Digital Transformation Is A Management Challenge

· 3 min read
Photo by Fezbot2000 on Unsplash
Photo by Fezbot2000 on Unsplash

Despite great advancements made in digital technologies and best practices over the last twenty years, leveraging digital transformation to improve performance and gain a competitive advantage continue to be a challenge for too many companies outside of the technology industry. Realizing that digital transformation is primarily a management challenge is an important step to achieve a successful outcome.

A recent survey of Board Members, CEOs, and senior executives found that 70% of all digital transformation initiatives did not reach their goals. Of the $1.3 trillion that was spent on digital transformation last year, it is estimated that $900 billion went to waste.

Digital transformation is about competitive advantage

About ten years ago, Marc Andreessen, an established technology entrepreneur and venture capitalist, famously wrote:

Software is eating the world. Companies in every industry needs to assume that a software revolution is coming.

Today, no one would dispute the importance of the so-called digital revolution in business but most companies still fail to appreciate its full implications and to achieve positive outcomes. As the ability to implement a succesful digital strategy become the determining factor that separates winners from losers in more and more B2B and B2C industries, companies should be aware that:

  1. Even in traditional industries, digital transformation will drive a change in industry structure resulting in greater concentration and bigger performance gaps between top and bottom companies;
  2. Digital transformation's key objective is to creatively re-think how to transform operating processes and the customer’s value proposition to achieve a competitive advantage;
  3. Increasing investments in digital marketing or in the latest new digital technologies by itself will not produce the desired outcome.

Strategy and execution are the main challenges

Outpacing competition is getting harder and harder in every industry and avoiding common mistakes is often an essential step toward a successful outcome.
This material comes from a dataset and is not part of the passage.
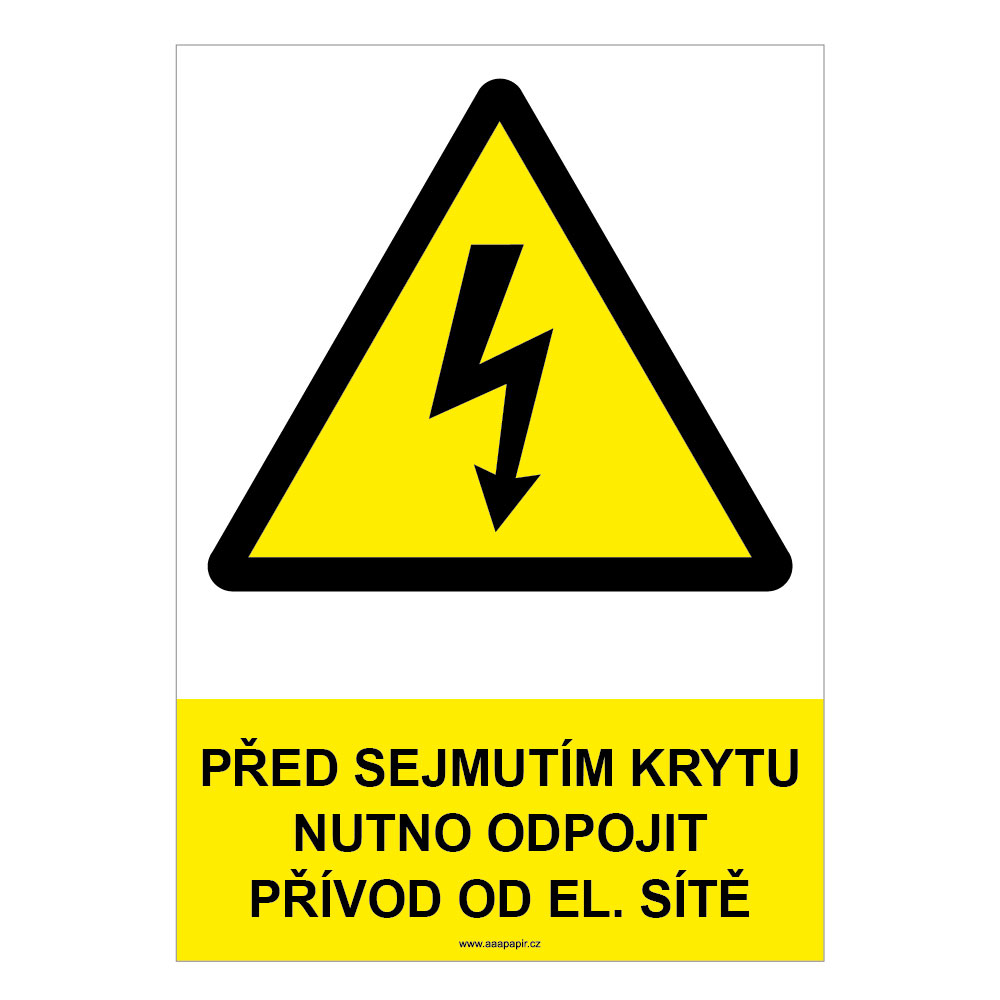 PŘED SEJMUTÍM KRYTU NUTNO ODPOJIT PŘÍVOD OD EL. SÍTĚ - bezpečnostní tabulka, samolepka A4
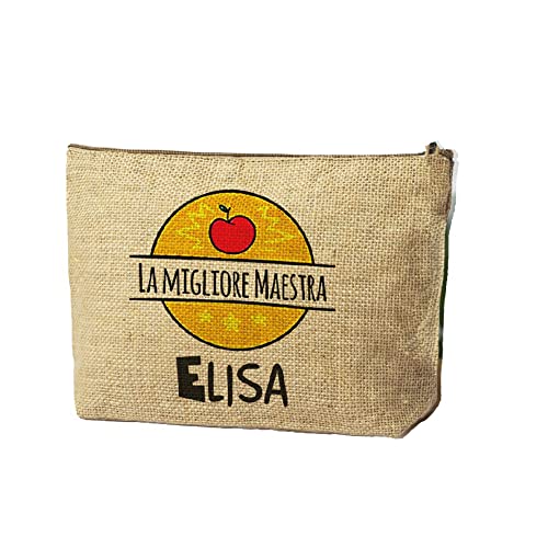 Generico Pochette Maestra Personalizzabile Idea Regalo Fine Anno Natale Pasqua porta oggetti astuccio In poliestere e Carta color juta Insegnati Asilo Nido MATERNA Elementari con nome Maestra 6

Implementing a value creating digital journey in most cases starts from avoiding three common mistakes:

  • Having a narrow ROI focus and a lack of dialogue and imagination at the expense of pursuing broader strategic opportunities that are harder to analyze and capture;
  • Putting a greater emphasis on short term results. Deploying a new digital infrastructure and driving change in both employees and customers’ behavior takes time and an adequate testing and validation period. Failing to aknowledge that will result in suboptimal outcomes;
  • Underinvesting in human capital. Truly qualified growth and digital professionals are in great demand and short supply and therefore difficult to find. However, compromising on human resources will always produce delays and waists financial resources.

Three proven management practices to drive success

Companies that are able to leverage a digital transformation to improve performance and gain a competitive advantage often have three conditions in common:

  1. Top management alignment: the top management team is directly involved and as a group includes senior executives with both a deep industry expertise, internal processes knowledge, and a proven understanding of strategy, change management, and digital technology;
  2. Clear project selection criteria: manager should choose projects and set priorities that are aligned with strategy, support business goals, maintain a desirable market position, solve customers’ problems, and create optionality value (and stay away from the technology kool-aid of the day);
  3. Reinforcing decision-making and incentive systems: decision-making and incentive systems reinforce the priority given to digital efforts by promoting a cross-functional approach, taking in due consideration employees' fear of being replaced, creating a safe spaces for experimentation and risk-taking, and creating adequate performance-based incentives to avoid moral-hazard issues and attract professional talents and senior leaders that have the required expertise.